= John Philip Bessor =

John Philip Bessor (January 15, 1914 – February 2, 1989) was a prolific correspondent and author for Fate Magazine. He is remembered for his space animal hypothesis, first put forward in 1947, that "flying saucers" might be biological animals rather than technological spacecraft.

==Early life and career==
Bessor was born in Zelienople, Pennsylvania to George W. and Martha Blymer Bessor. In 1932, he graduated from Zelienople High School, having served as Art Editor for the yearbook and performed in chorus, operas, and plays. He attended the Edinoboro State Teachers College, majoring in art instruction, and he took a course sculpture and design at the Carnegie Institute.
Bessor's obituary listed him as working for the Walt Disney Studio as an illustrator before being employed by Lockheed and Aetna-Standard Engineering in Ellwood City.

==Writings==
In 1949, Bessor wrote a letter that was published in the Saturday Evening Post; Bessor speculated "flying saucers" were actually space animals "more like octopuses, in mentality, than humans". In July 1949, Bessor authored a letter to the Air Force's Project Saucer. In September, a letter he wrote about Chimney Rock and Brown Mountain lights was published in the Asheville, North Carolina papers.

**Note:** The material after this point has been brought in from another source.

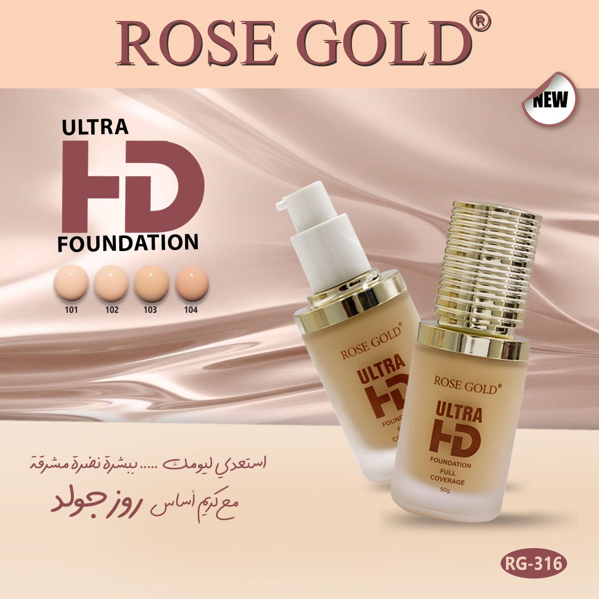 Rose Gold Ultra HD Foundation Full Coverage In 6 Shades

In January 1950, Fate magazine published Bessor's piece on Harry Price and the investigation of the Borley Rectory haunting. In June 1950, he promoted his theory that flying saucers are animals. In March 1951, Fate featured "Mystery of Brown Mountain", his piece on his North Carolina investigation. A letter from Bessor on flying saucers was published in Fate in May 1951. In September 1951, an article about "Psychic Healing" by Bessor was published in the "Psychic Observer".

The April 28, 1952 edition of Life Magazine published a letter from Bessor in response to the article "Have We Visitors from Space?. Wrote Bessor: "For five years I have held the theory that these aerial objects represent a highly attenuated form of intelligent ‘animal’ life of extra-terrestrial origin—possibly stratospheric or ionospheric; propulsion apparently akin to teleportation, possibly flight by sheer will or thought. The frequent undulating motion in flight is analogous to the weaving trajectory of observed poltergeist-projected objects. Strange, luminous creatures inhabit the depths of our seas, why not similar creatures of highly rarefied matter in the heights of our heavens, and as diverse in size and shape as living things on earth?"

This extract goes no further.